The Buyer warrants that any designs, specifications or instructions furnished to the Company shall not be such as will cause the Company to infringe any patent, industrial design, copyright or trademark in the execution of the Buyers order. The Buyer hereby indemnities and forever holds the Company harmless against any infringement or unauthorized use of any such patent, industrial design, copyright or trademark. The sale and purchase of goods shall not confer on the Buyer any licence or rights under any patent industrial design, copyright or trademark the property of the Company.
Any figures or estimates given for performance of goods are based upon the Company’s experience and are such as the Company would expect to obtain on test the Company will only accept liability for failure to comply with the figures or estimates given when such figures or estimates are guaranteed in writing within specified margins.

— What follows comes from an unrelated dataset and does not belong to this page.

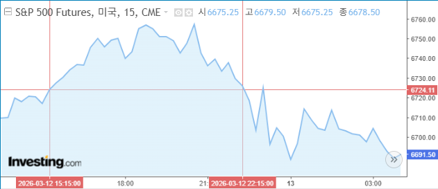 ㅇ 다우 -1.56%, 나스닥 -1.78%, S&P500 -1.52%, 러셀2000 -2.06%, VIX +12.56%, 필 반도체 -3.43%.3월 12일 선물지수는 양호한 경제지표로 유럽장 초반 장 초반 반등을 시도했으나, 강력한 고용에 따른 긴축 우려와 중동발 유가 폭등 및 신용 리스크가 결합되며 장 후반으로 갈수록 하락 압력이 거세지는 흐름을 보임. 이란 지도부의 호르무즈 해협 봉쇄 유지 발표로 WTI가 배럴당 96.35달러(+3.88%)까지 폭등하며 스태그플레이션 우려가 시장을 압도함. 주간 신규 실업수당 청구 건수가 21만 3천 건으로 예상치를 하회하며 노동 시장의 견조함을 증명하자, 미 10년물 국채 금리가 4.265%(+0.71%)로 상승하며 기술주에 하방 압력을 가함.

WARRANTEES, GUARANTEES AND CONDITIONS
This clause shall apply where the Customer is not a consumer as defined in the Trade Practices Act(Australia) if applicable. All representation or terms (including any condition or warranty expressed or implied by law, statute or otherwise) not expressly included in the Trading Terms are hereby expressly excluded. If the Company shall be under any liability whatsoever to the Customer then whether such liability be in contract, tort or otherwise and notwithstanding any relief or remedy to which the Customer may be entitled to under the Trade Practices Act(Australia) if applicable, any other applicable legislation, or at law or in equity, such liability shall be limited to the price at which the Goods are supplied to the Customer. Under no circumstances will the Company be liable for the indirect or consequential loss of any kind whatsoever. No action or claim may be brought against the Company unless notice of such claim is brought within 30 days of dispatch of the Goods to the Customer.
LIMITATION OF LIABLITY
No liability whatsoever will be accepted by the Company for any direct or indirect loss or damage (including loss of forecasted or actual revenue or profits, loss of livelihood or goodwill or unanticipated incurring of debt) relating to delivery of Goods, account suspension or closure or any other act or omission on the part of the Company or any of its servants, agents or contractors. Where liability is accepted, it is limited to the payment of the cost of having the original product re-supplied.
The Company reserves the right to sub-contract, manufacture and/or supply on any part of the goods quoted or on any materials or services to be supplied.
It is a condition of the sales contract that the Buyer shall not use the goods for the installation in or in association with aircraft. In the event the goods are so incorrectly used, the Company shall be exempt from all liability whatsoever and the Buyer hereby indemnifies and forever holds the Company harmless in respect of any claims, demands, suits or proceedings whatsoever resulting from such misuse of the goods.
UNITED STATES OF AMERICA EXPORT ADMINISTRATION REGULATIONS
The Buyer acknowledges that some United States of America manufacturers impose restrictions on ultimate destination of their products in compliance with the United States Export Administration regulations. The Buyer agrees to comply with such regulations and hereby agrees to forever hold harmless and indemnify the Company in respect of any damage or loss howsoever arising as a result of the Buyers breach of same.
These terms and conditions of sale including the sales contract evidenced thereby shall in all respects be governed by and construed In accordance with the laws of the State of New South Wales Australia and the Company and the Buyer hereby submit to the exclusive jurisdiction of the courts of the State of New South Wales, Australia and none other.